Actually, I fail at grep, and actually there are already tons of good tests for 
__bases__ assignment in test_descr.py. So, patch attached, and analysis follows.


Background on __class__ assignment
----------------------------------

While it's certainly surprising, assignment to obj.__class__ and to 
type.__bases__ has been an explicitly supported feature ever since the advent 
of new-style classes back in 2.ancient, and typeobject.c goes to great lengths 
to handle all the weird resulting cases (including stuff like "what if __del__ 
changes the __class__", "what if someone mutates __bases__ while we are in the 
middle of method lookup inside a metaclass's mro() method", etc.).

To make this safe, of course, we need to somehow check that after making the 
assignment then the resulting object will still be a valid, self-consistent 
Python object. The types in question need to have consistent in-memory 
representations, that their __dict__ slot (if present) is at the same offset, 
that their memory management callbacks are consistent (if we mutate an object 
from type A to type B, then A and B must be written in such a way that it's 
legal to pass an object allocated with A.tp_new to B.tp_dealloc), etc.

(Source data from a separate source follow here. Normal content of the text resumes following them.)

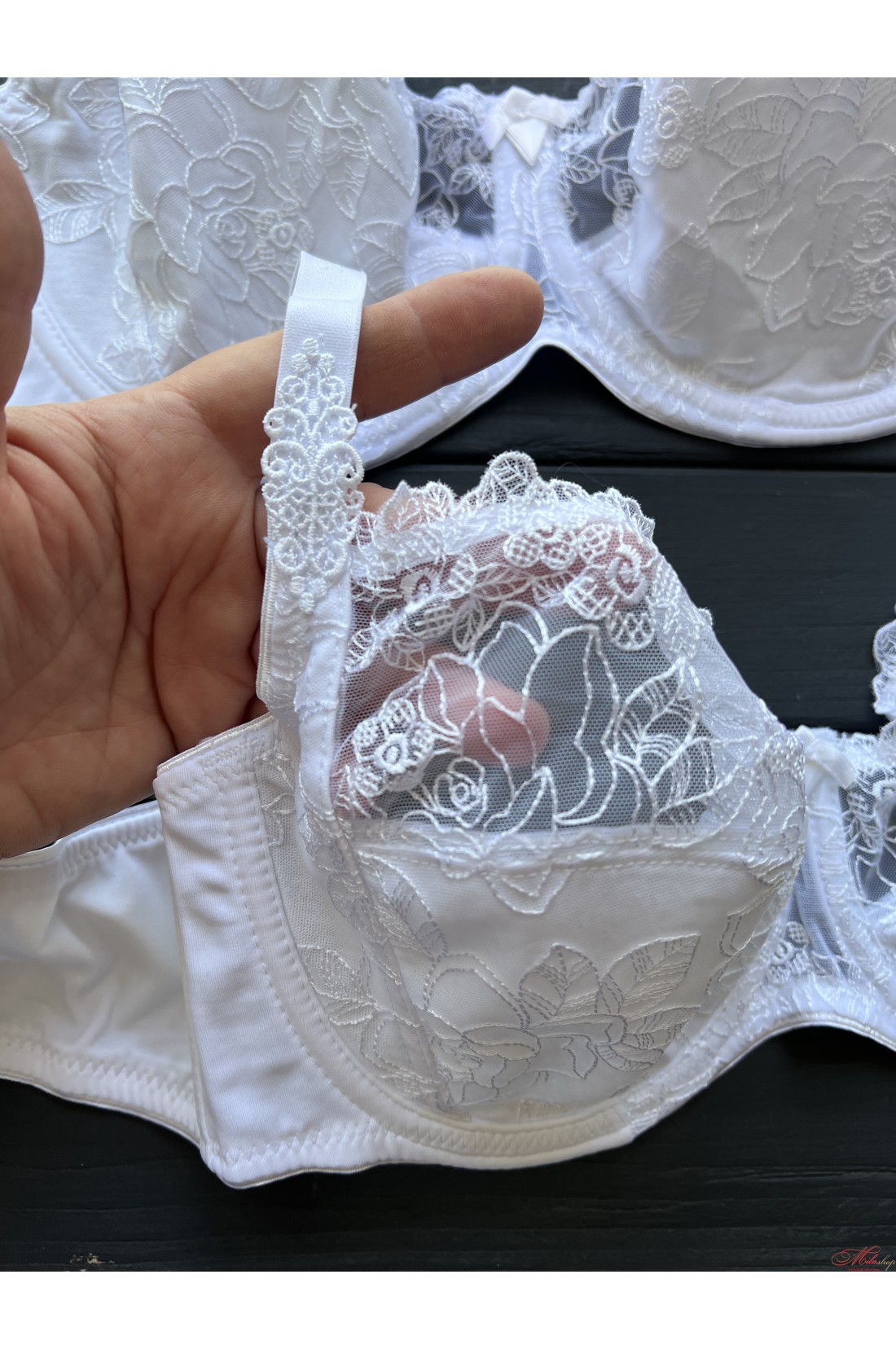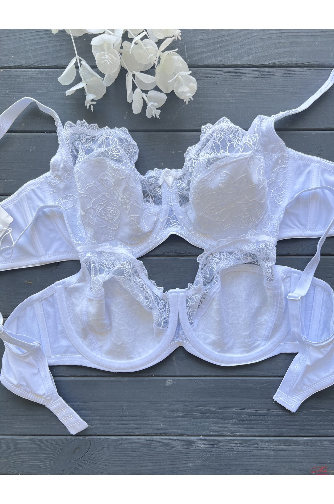 Бюстгальтер с мягкими чашками, не съемными бретелями. Чашки бюстгальтера имеют боковую вставку. Украшен вышивкой
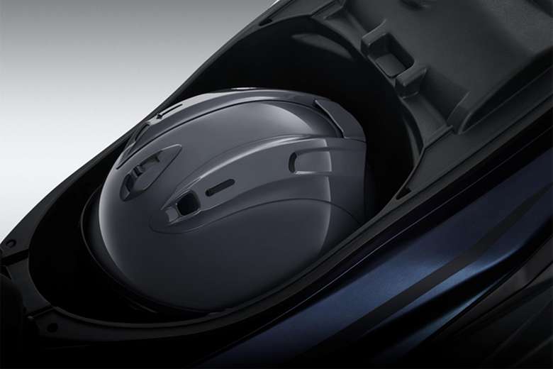 フルフェイスヘルメットを収納しても余裕のあるラゲッジスペース。グローブやレインウエアなどの装備品も一緒に収納できる。
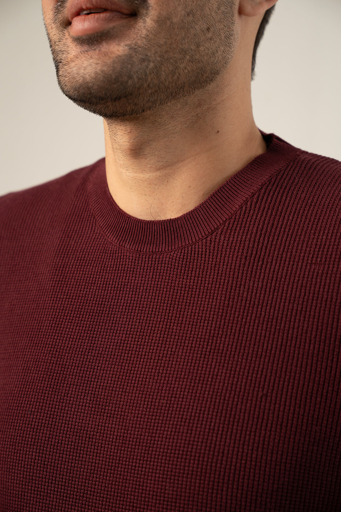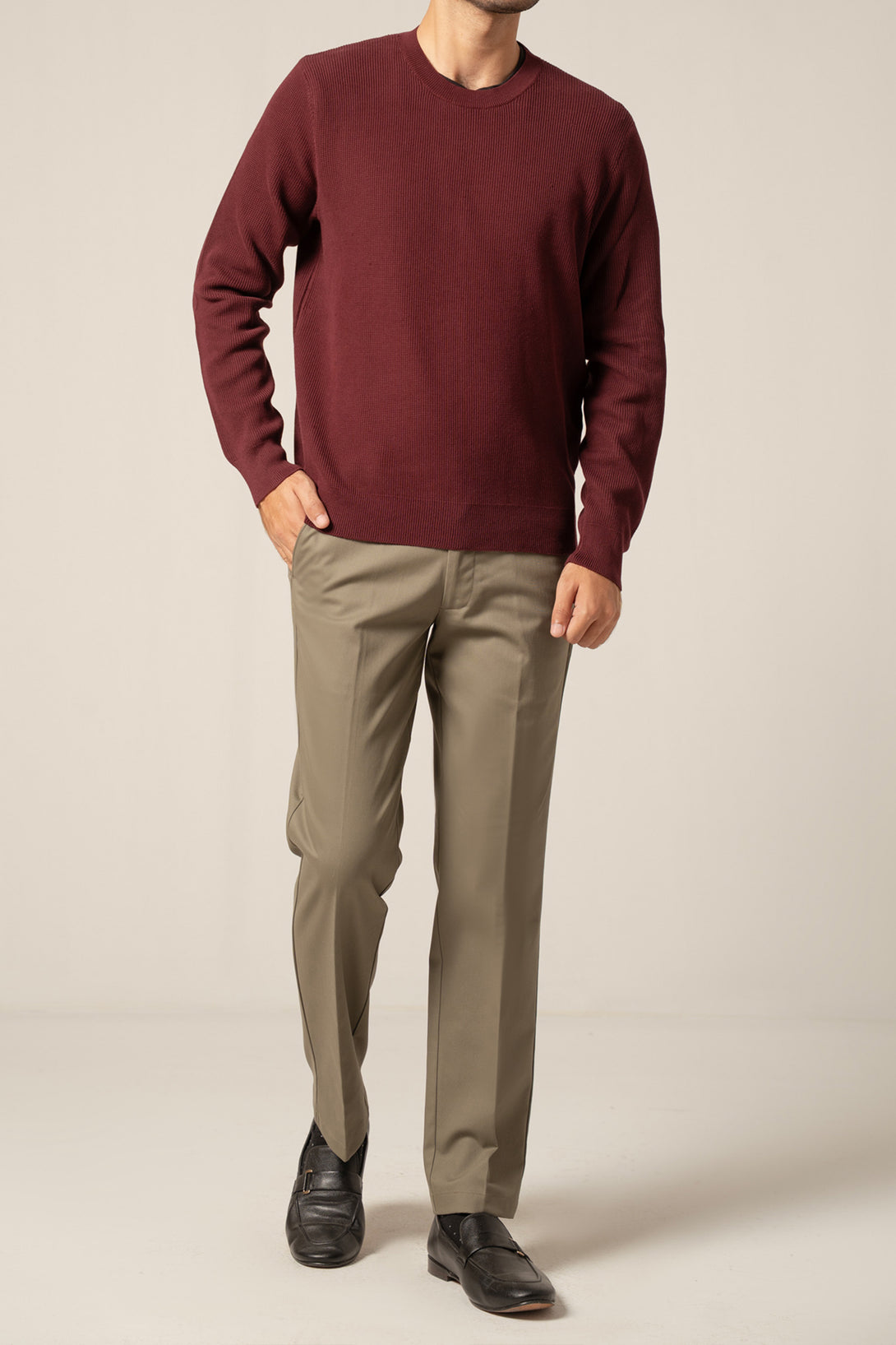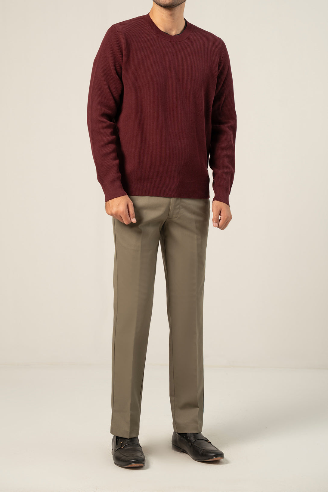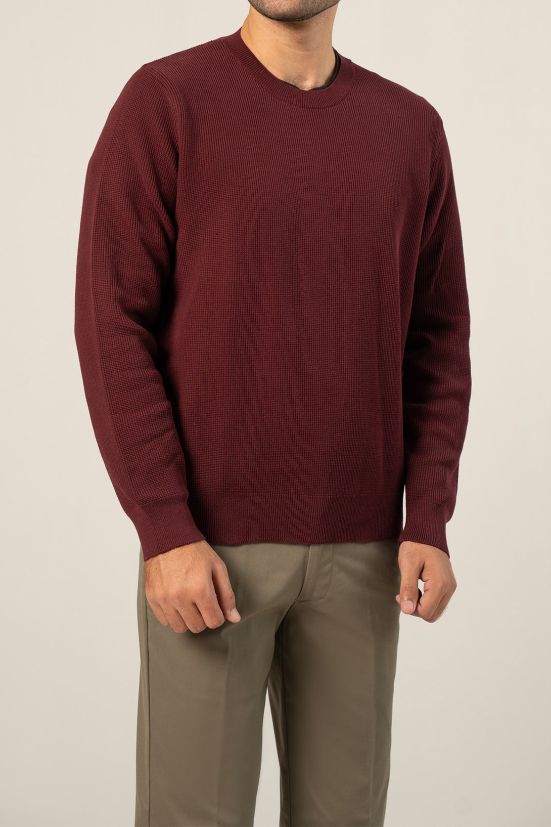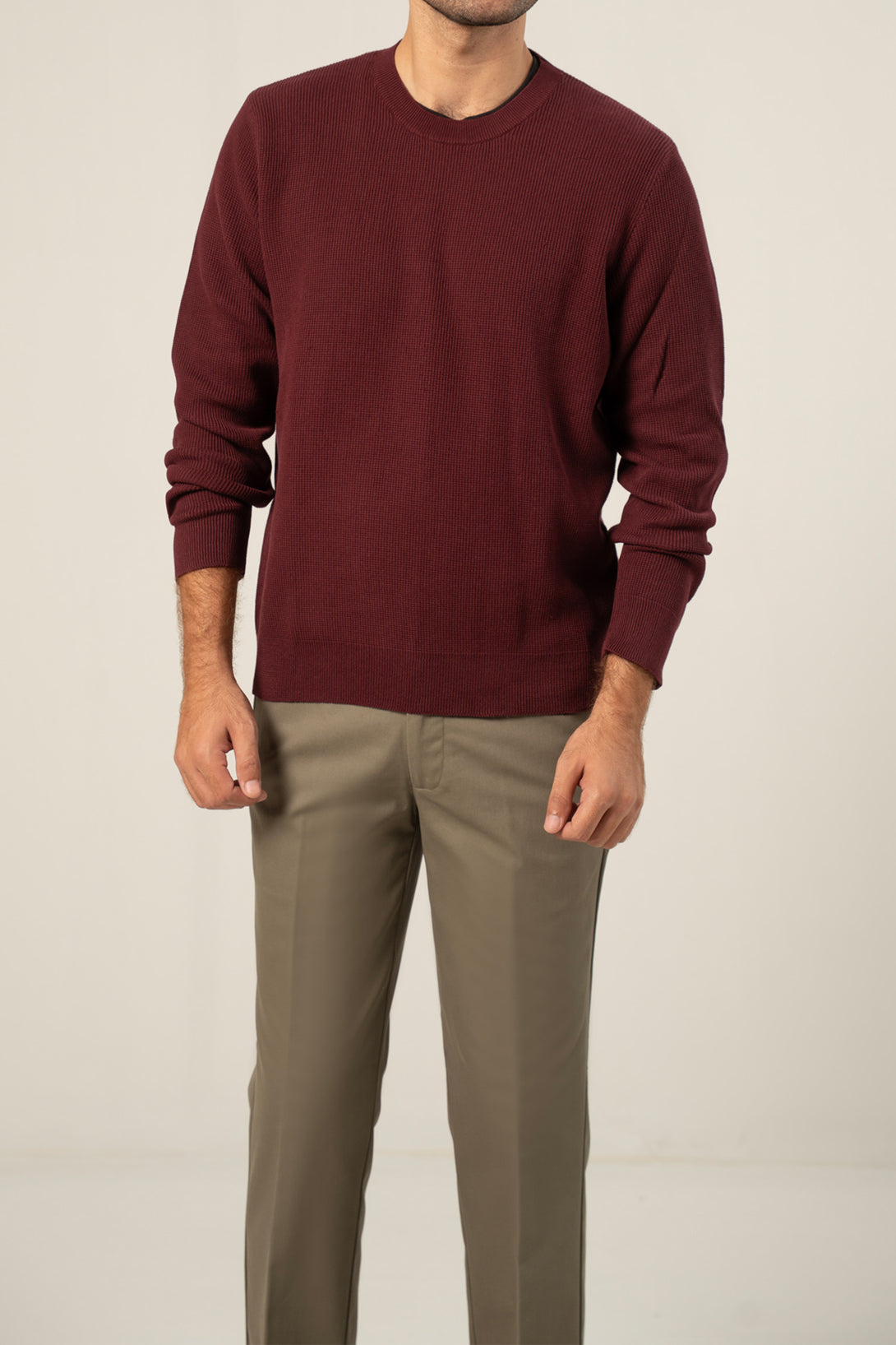 - Crew neck full sleeves textured sweater

This compatibility checking occurs in two places: object_set_class and 
type_set_bases (and several utility functions that they share).

For historical reasons, there are two different C representations for type 
objects in Python: the original representation, which involves 
statically-allocated structs, and the newer representation, which involves 
heap-allocated structs. Aside from their allocation, there are a bunch of 
arcane little differences in things like reference counting, how you set them, 
etc., which are mostly motivated by the need to maintain compatibility with old 
code using the original representation -- all the places where they differ are 
places where the newer representation does something more sensible, it's not 
possible to create a statically-allocated type except by writing C code that 
*doesn't* use the stable ABI, etc. Otherwise they're supposed to work the same 
(eliminating differences between built-in and user-defined classes was the 
whole point of new-style classes!), but all these quirky implementation 
differences do leak out into little semantic differences in various places.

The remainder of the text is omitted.